** DATASET SECTION **
Content starts
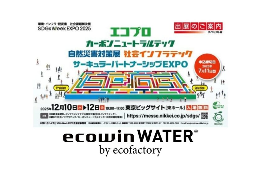 株式会社エコファクトリーは、2025年12月10日(水)~12日(金)に東京ビッグサイトで開催される「エコプロ2025(SDGs Week EXPO 2025)」 に、無動力雨水純水化システム「ecowinウォーター」を出展いたします。※今回出展する製品はecowinウォーターのみとなります。
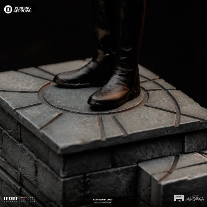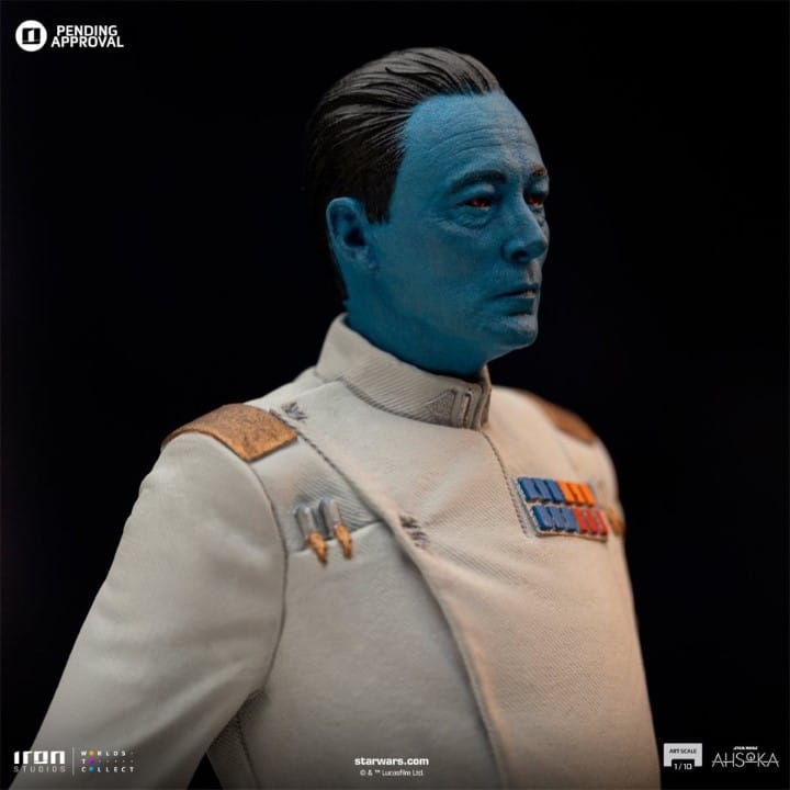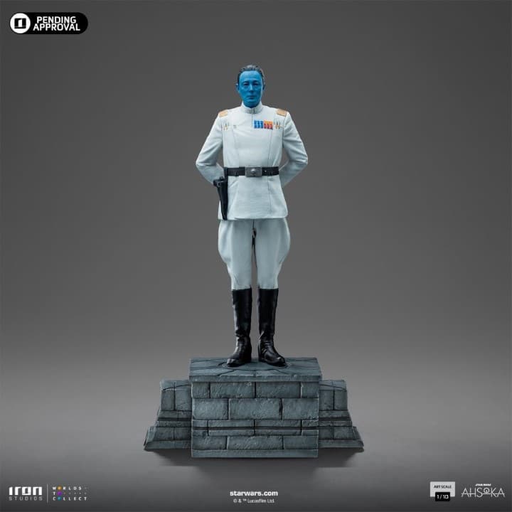 Recognized in his early military career as Mitth’raw’nuru, a high rank in the army, the Grand Admiral of the Imperial Navy during the age of the Galactic Empire, an alien from the Chiss species native from planet Rentor of blue skin looking as cold as his countenance and red eyes as sinister as a predator’s. Known as a brilliant and relentless strategist, with his hands on his back, in a resting military position, wearing his white uniform of the commanding officer of the Chimaera, an Imperial I-class Star Destroyer modified and commanded by him, and bringing a charric, a Chiss weapon similar to a blaster, in the holster in the right side of his black belt. Over a lifted base with rocky aspects, reminiscent of the fortress kept by the three witches that call themselves the Great Mothers, Iron Studios present the Star Wars: Ahsoka Grand Admiral Thrawn 1:10 Art Scale Limited Edition Statue, with the fearsome and respected villain ready to take up his place as an Heir of the Empire. Made mostly of Polystone, this statues measures over 9 ½-inches tall.
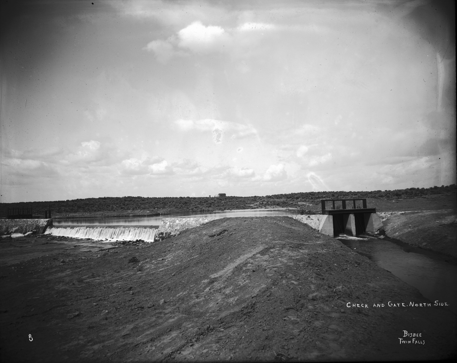 - "Check and Gate, North Side;" wide view of gate; small building in background
Content ends
** REQUIREMENT **
Omit the pictures, then output the rest of the listing exactly.

** WRITTEN ANSWER **
 株式会社エコファクトリーは、2025年12月10日(水)~12日(金)に東京ビッグサイトで開催される「エコプロ2025(SDGs Week EXPO 2025)」 に、無動力雨水純水化システム「ecowinウォーター」を出展いたします。※今回出展する製品はecowinウォーターのみとなります。
 Recognized in his early military career as Mitth’raw’nuru, a high rank in the army, the Grand Admiral of the Imperial Navy during the age of the Galactic Empire, an alien from the Chiss species native from planet Rentor of blue skin looking as cold as his countenance and red eyes as sinister as a predator’s. Known as a brilliant and relentless strategist, with his hands on his back, in a resting military position, wearing his white uniform of the commanding officer of the Chimaera, an Imperial I-class Star Destroyer modified and commanded by him, and bringing a charric, a Chiss weapon similar to a blaster, in the holster in the right side of his black belt. Over a lifted base with rocky aspects, reminiscent of the fortress kept by the three witches that call themselves the Great Mothers, Iron Studios present the Star Wars: Ahsoka Grand Admiral Thrawn 1:10 Art Scale Limited Edition Statue, with the fearsome and respected villain ready to take up his place as an Heir of the Empire. Made mostly of Polystone, this statues measures over 9 ½-inches tall.
 - "Check and Gate, North Side;" wide view of gate; small building in background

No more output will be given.